Catholic Encyclopedia (1913)/Apelles
Founder of a Gnostic sect; died at an advanced age late in the second century. What little is known of his life is gleaned chiefly from fragments of the writings of his antagonist Rhodon, preserved by Eusebius (Hist. Eccl., V, xii), and from Tertullian's "Prescription against Heretics" (xxx). At Rome he separated from Marcion, whose most famous pupil he was, and went to Alexandria, where he met the visionary Philumene, whose utterances he regarded as inspired. Besides collecting her oracles in a book entitled "Manifestations", he wrote an extensive work, Eullogismoi, an attack on Mosaic theology. The moral character of Apelles is differently estimated according as one is influenced either by Rhodon's uncoloured picture of the aged heresiarch, or by the stories of scandals in his early life to which Tertullian, not without exaggeration, refers.

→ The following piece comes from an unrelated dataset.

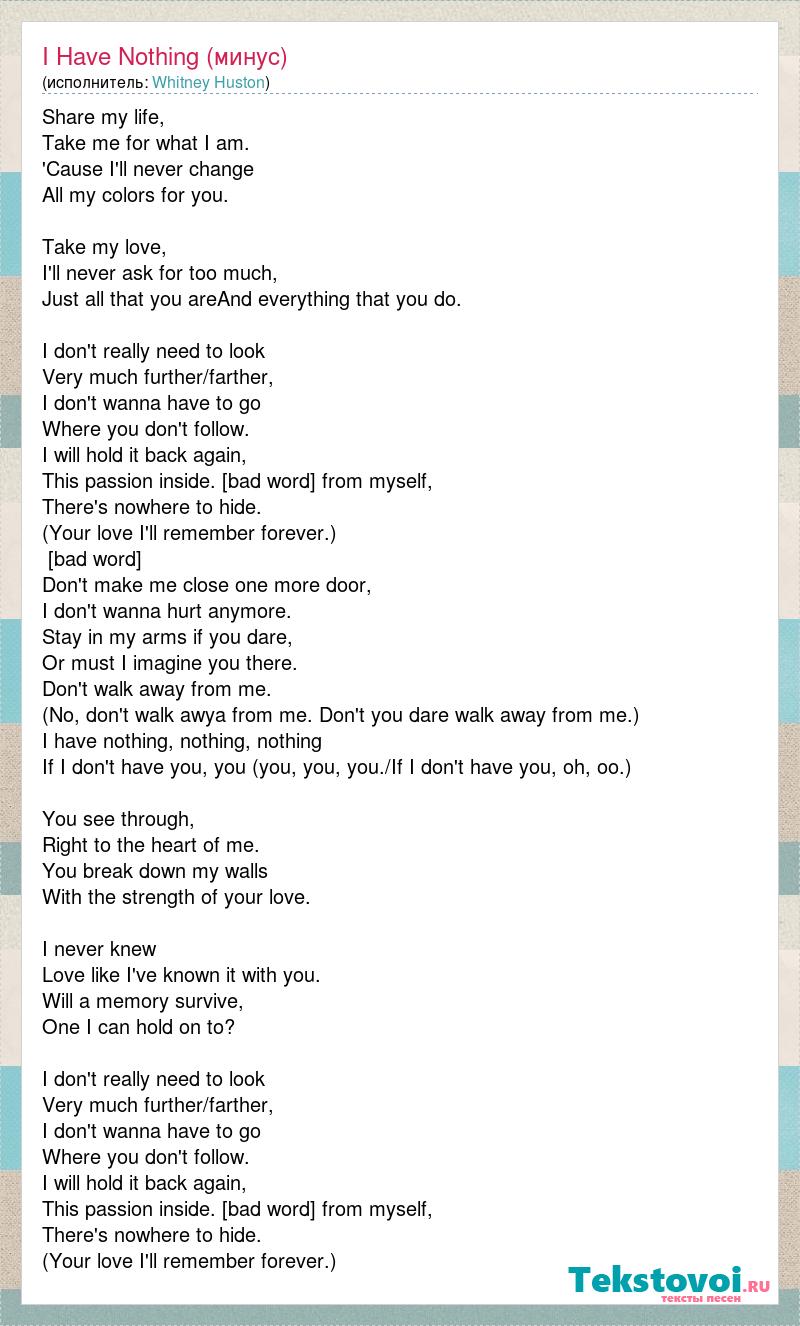 Share my life, Take me for what I am. 'Cause I'll never change All my colors for you. Take my love, I'll never ask for too much, Just all that you areAnd everything that you do. I don't really need to look Very much further/farther, I don't wanna have to go Where you don't follow. I will hold it back again, This passion inside. Can't run from myself, There's nowhere to hide. (Your love I'll remember forever.) Chorus: Don't make me close one more door, I don't wanna hurt anymore. Stay in my arms if you dare, Or must I imagine you there. Don't walk away from me. (No, don't walk awya from me. Don't you dare walk away from me.) I have nothing, nothing, nothing If I don't have you, you (you, you, you./If I don't have you, oh, oo.) You see through, Right to the heart of me. You break down my walls With the strength of your love. I never knew Love like I've known it with you. Will a memory survive, One I can hold on to? I don't really need to look Very much further/farther, I don't wanna have to go Where you don't follow. I will hold it back again, This passion inside. Can't run from myself, There's nowhere to hide. (Your love I'll remember forever.)

HARNACK, De Apellis gnosi monarchicâ (Leipzig, 1874); IDEM in Texte und Untersuch. (Leipzig, 1890), VI, iii, 109-120, and ibid. (new series, Leipzig, 1900), V, iii, 93-100; BARDENHEWER, Gesch. der altkirch. Lit. (Freiburg, 1902), I, 343, 344; TILLEMONT, Mémoires (Venice, 1732), II, 282-285, 610, 611. BAREILLE, in Dict. de théol. cath., I, 1455-57. HORT in Dict. of Christ. Biog. (London, 1877), I, 127, 128.